Problem to solve » Retype the data exactly, from its first line to the line containing "Varje krokodilklämma har", including both, and skip any picture.

Recorded data Start Marker

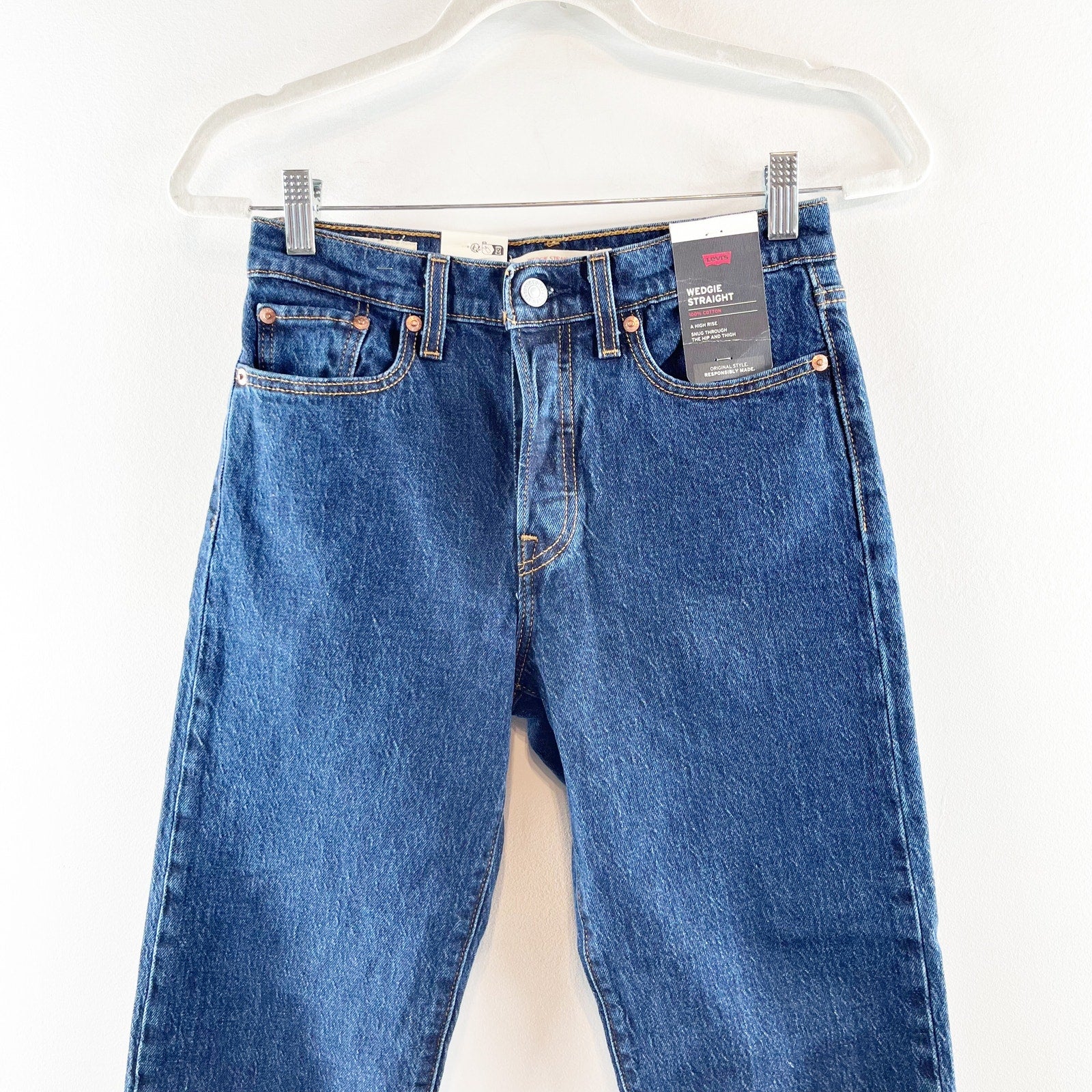 Levi's High Rise Button Fly Denim Wedgie Straight Jeans Salsa Dark Stone Blue 26
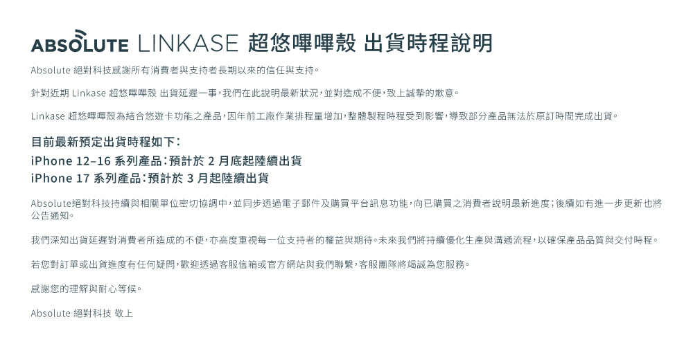 3.因個人使用環境及習慣不同,無法保證您使用的商品完全不變色不髒汙,手機殼為消耗性商品,恕不提供破裂/刮痕/變色...等人為保固服務,謝謝您!
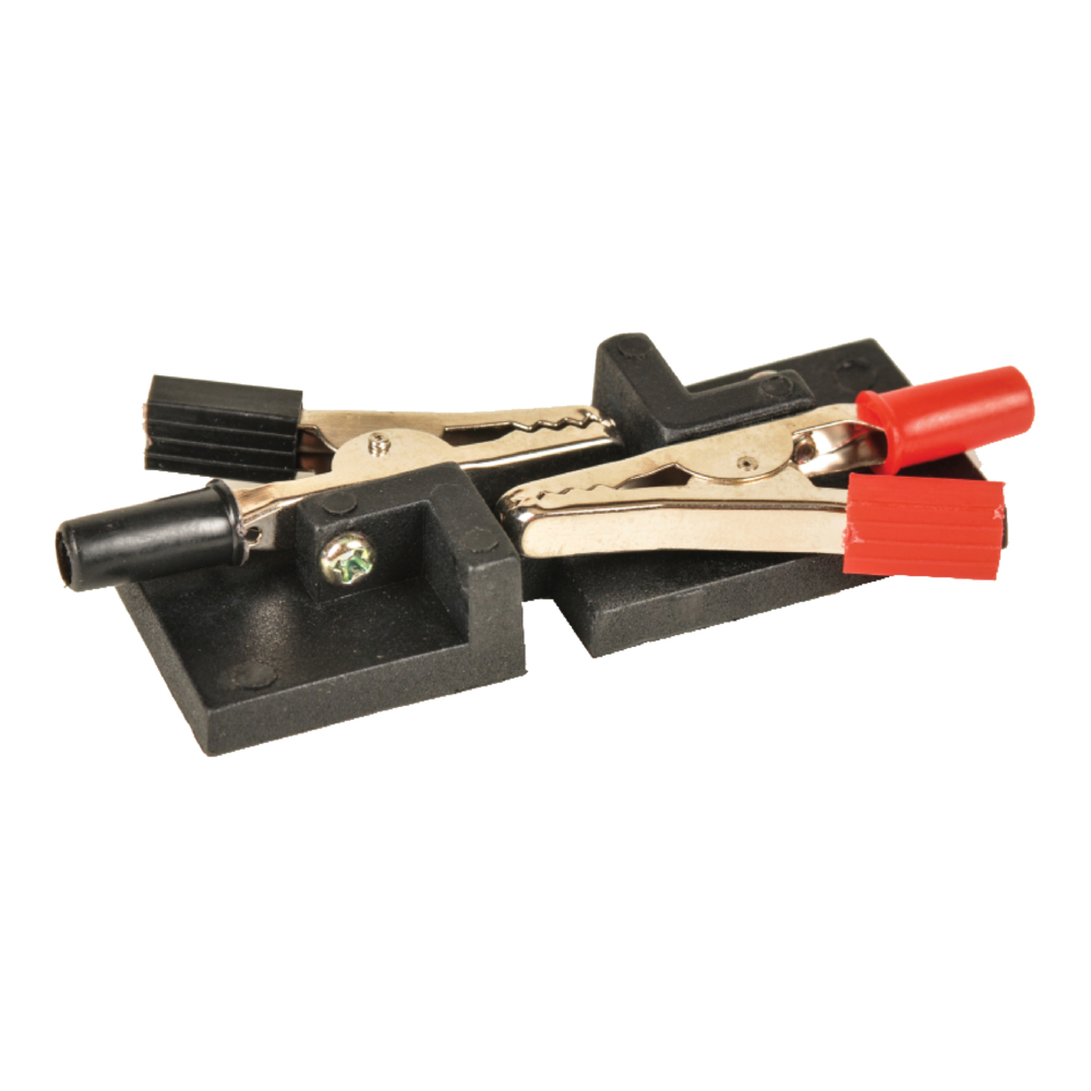 Varje krokodilklämma har ett 4 mm uttag för ledningsanslutning.
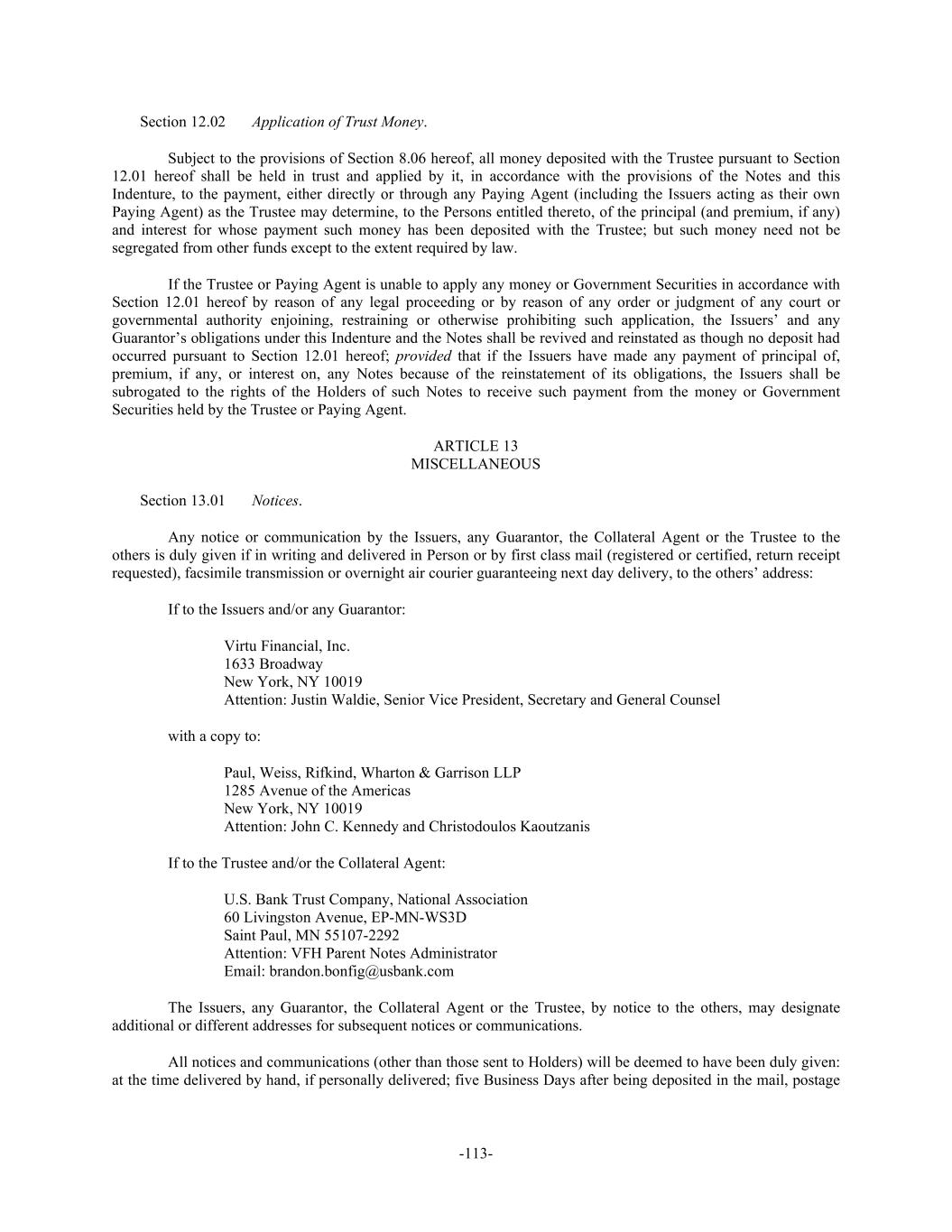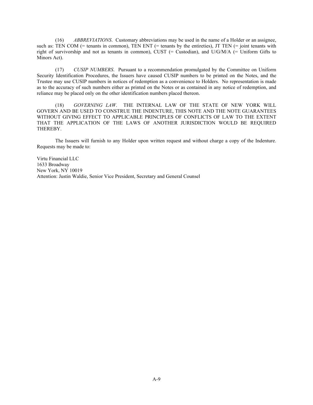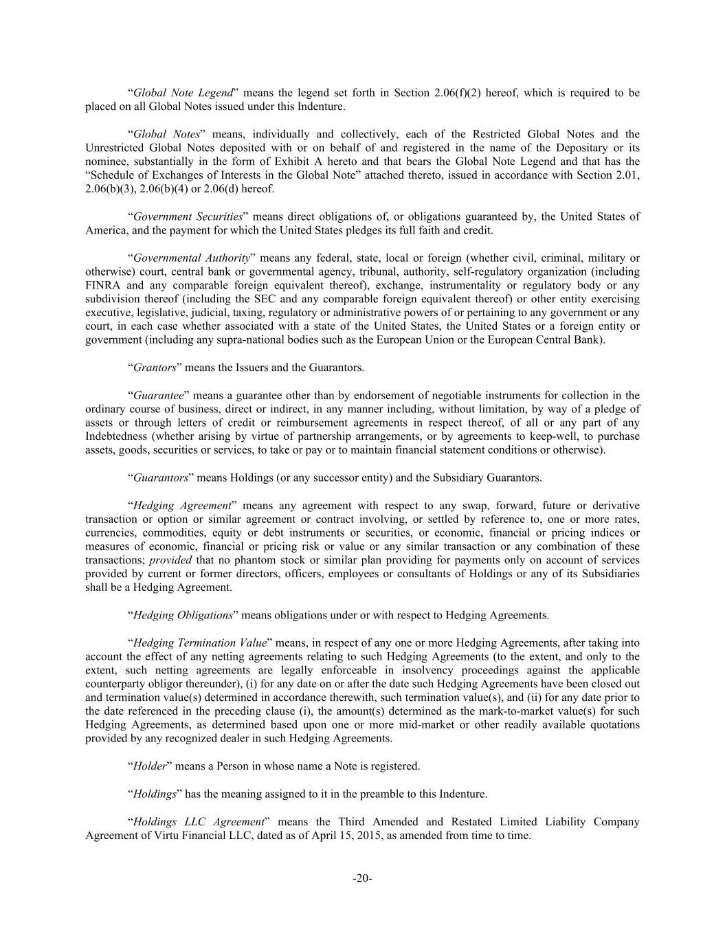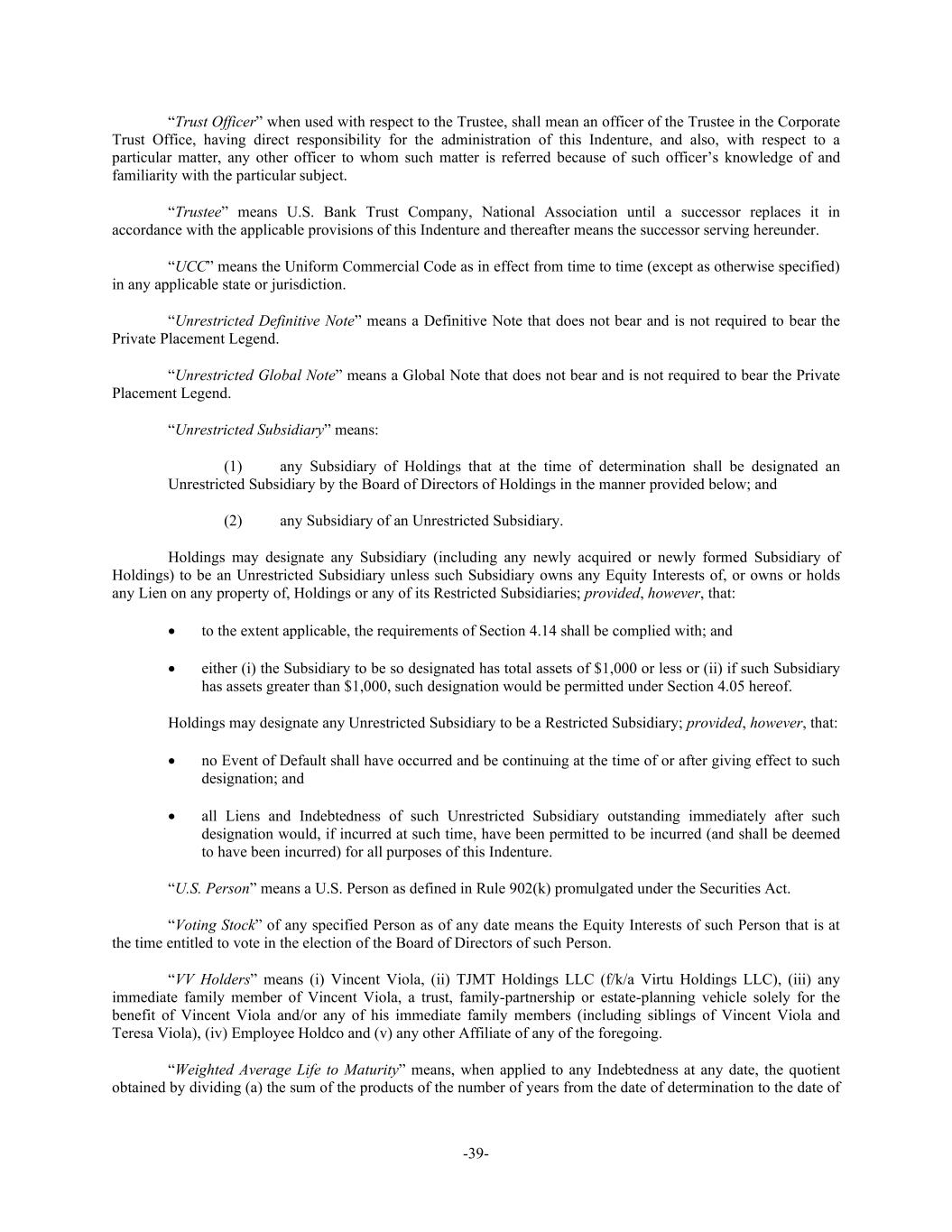 64 “Unadjusted Benchmark Replacement” means the applicable Benchmark Replacement excluding the related Benchmark Replacement Adjustment. “Unaudited Financial Statements” means the unaudited consolidated balance sheet of Holdings for the fiscal quarters ended March 31, 2021, June 30, 2021 and September 30, 2021 and the related consolidated statements of income, changes in equity and cash flows of Holdings, including the notes thereto. “United States Tax Compliance Certificate” has the meaning assigned to such term in Section 2.15(e)(ii)(C). “Unrestricted Subsidiary” means (a) any of (i) RFQ-hub Holdings LLC, a Delaware limited liability company, (ii) RFQ-hub Europe BV, a private company with limited liability organized under the laws of the Netherlands, (iii) RFQ-hub International Limited, a limited company organized under the laws of Ireland, (iv) RFQ-hub Americas LLC, a Delaware limited liability company, (v) RFQ- hub Asia-Pacific Private Limited, a private limited company organized under the laws of Singapore and (vi) RFQ-hub Software Solutions (France) SAS (formerly known as Virtu ITG Software Solutions (France) SAS), a simplified stock company organized under the laws of France, each of which is designated as an “Unrestricted Subsidiary” on the First Amendment Effective Date and (b) any other Subsidiary (other than an Intermediate Parent or the Borrower) designated by the Borrower as an Unrestricted Subsidiary pursuant to Section 5.13 subsequent to the ClosingFirst Amendment Effective Date. “Unsecured Leverage Test” has the meaning assigned to such term in the definition of “Incremental Cap.” “U.S. Government Securities Business Day” means any day except for (i) a Saturday, (ii) a Sunday or (iii) a day on which the Securities Industry and Financial Markets Association recommends that the fixed income departments of its members be closed for the entire day for purposes of trading in United States government securities. “U.S. Special Resolution Regimes” has the meaning assigned to such term in Section 9.21. “USA Patriot Act” means the Uniting and Strengthening America by Providing Appropriate Tools Required to Intercept and Obstruct Terrorism Act of 2001, as amended from time to time. “VFI” means Virtu Financial, Inc., a Delaware corporation. “Voting Stock” of any specified Person as of any date means the Equity Interests of such Person that is at the time entitled to vote in an election of the Board of Directors of Holdings or such Person. “VV Holders” means (i) Vincent Viola, (ii) TJMT Holdings LLC (f/k/a Virtu Holdings LLC), (iii) any immediate family member of Vincent Viola, a trust, family-partnership or estate-planning vehicle solely for the benefit of Vincent Viola and/or any of his immediate family members (including siblings of Vincent Viola and Teresa Viola), (iv) Virtu Employee Holdco LLC and (v) any other Affiliate of any of the foregoing. “Weighted Average Life to Maturity” means, when applied to any Indebtedness at any date, the number of years obtained by dividing: (a) the sum of the products obtained by multiplying (i) the amount of each then remaining installment, sinking fund, serial maturity or other required payments of principal, including payment at final maturity, in respect thereof, by (ii) the number of years (calculated to the nearest

Recorded data End Marker

Response »
 Levi's High Rise Button Fly Denim Wedgie Straight Jeans Salsa Dark Stone Blue 26
 3.因個人使用環境及習慣不同,無法保證您使用的商品完全不變色不髒汙,手機殼為消耗性商品,恕不提供破裂/刮痕/變色...等人為保固服務,謝謝您!
 Varje krokodilklämma har ett 4 mm uttag för ledningsanslutning.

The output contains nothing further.